A Comprehensive N-Glycan Profiling Analysis of Bevacizumab Biosimilar by UHPLC with Fluorescence Detection and Q-TOF Mass Spectrometry

Significance of the Topic

The accurate profiling of N-glycans on monoclonal antibodies is critical for ensuring product safety, efficacy and consistency in biopharmaceutical manufacturing. Glycosylation profoundly influences antibody stability, immune activity and pharmacokinetics. As biosimilars gain approval and market share, robust analytical workflows are essential to demonstrate glycan similarity to reference products and meet regulatory requirements.

Objectives and Study Overview

This work aimed to develop and validate a reliable, high-resolution method for comprehensive N-glycan profiling of a bevacizumab biosimilar. Key goals included release and tagging of glycans, chromatographic separation, structural identification by mass spectrometry, and relative quantitation of glycan species to assess similarity to the innovator product.

Methodology and Instrumentation

• Glycan Release and Labeling: N-glycans were enzymatically liberated using PNGase F, purified via solid-phase clean-up, and labeled with 2-aminobenzamide (2-AB) for fluorescence detection.
• Chromatography: Separation was performed on a HALO® Glycan column (2.7 µm, 150 × 2.1 mm) at 60 °C using a gradient of 50 mM ammonium formate and acetonitrile at 0.4 mL/min.
• Detection: Fluorescence detection employed a Shimadzu RF-20A (excitation 330 nm, emission 420 nm) coupled in-line with a Shimadzu Nexera Bio UHPLC.
• Mass Spectrometry: Structural confirmation and accurate mass measurement utilized the Shimadzu LCMS-9030 Q-TOF with heated electrospray ionization (+), mass range 500–2500 m/z, and MS/MS fragmentation.

Results and Discussion

• Nine 2-AB-labeled N-glycans were resolved and identified: Man3, G0-GN, G0F-2GN, G0F-GN, G0, Man5, G0F, G1Fa and G1Fb.
• Accurate masses matched theoretical values within ±1 ppm, and MS/MS spectra confirmed structural assignments.
• Relative quantitation showed G0F comprised 87.23% of total glycan pool; Man3 was the least abundant at 0.7%.
• System precision was demonstrated by retention time and peak area RSDs below 2% across triplicate injections, confirming method repeatability and stability.

Benefits and Practical Applications

This UHPLC-fluorescence/Q-TOF workflow provides high sensitivity and specificity for N-glycan profiling while delivering rapid turnaround and robust quantitation. It supports biosimilar development by enabling detailed glycosylation comparisons, batch-to-batch consistency monitoring, and regulatory submissions.

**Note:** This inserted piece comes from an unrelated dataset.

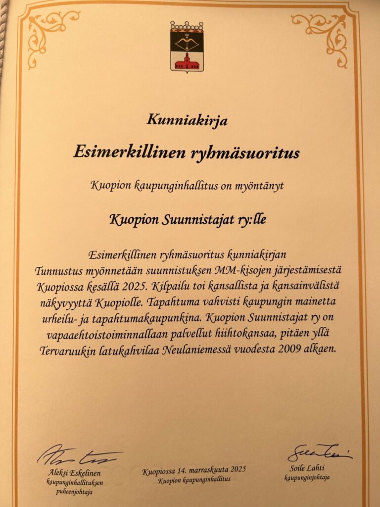 Kuopion Suunnistajat palkittiin suunnistuksen MM-kilpailujen toteuttamisesta Kuopiossa 2025

Future Trends and Applications

• Automation of sample preparation and derivatization to increase throughput.
• Integration with ion mobility or higher-resolution MS to differentiate isomeric glycan forms.
• Application to other therapeutic antibodies and Fc-fusion proteins for broad biosimilar characterization.
• Development of label-free or accelerated labeling strategies to shorten analysis time.
• Exploration of glycan heterogeneity impacts on clinical performance and quality control.

Conclusion

A robust and reproducible UHPLC-fluorescence coupled with Q-TOF MS method was established for detailed N-glycan profiling of a bevacizumab biosimilar. The protocol achieved low variability, high mass accuracy and confident glycan identification, making it highly suitable for biosimilar quality assessment and comparability studies.

References

• LudgerClean™ EB10 user guide. Ludger Ltd.
• Keser T, Pavić T, Lauc G, Gornik O. Comparison of 2-aminobenzamide, procainamide and RapiFluor-MS as derivatizing agents for high-throughput HILIC-UPLC-FLR-MS N-glycan analysis. Front Chem. 2018;6:324.
• LudgerClean™ S user guide. Ludger Ltd.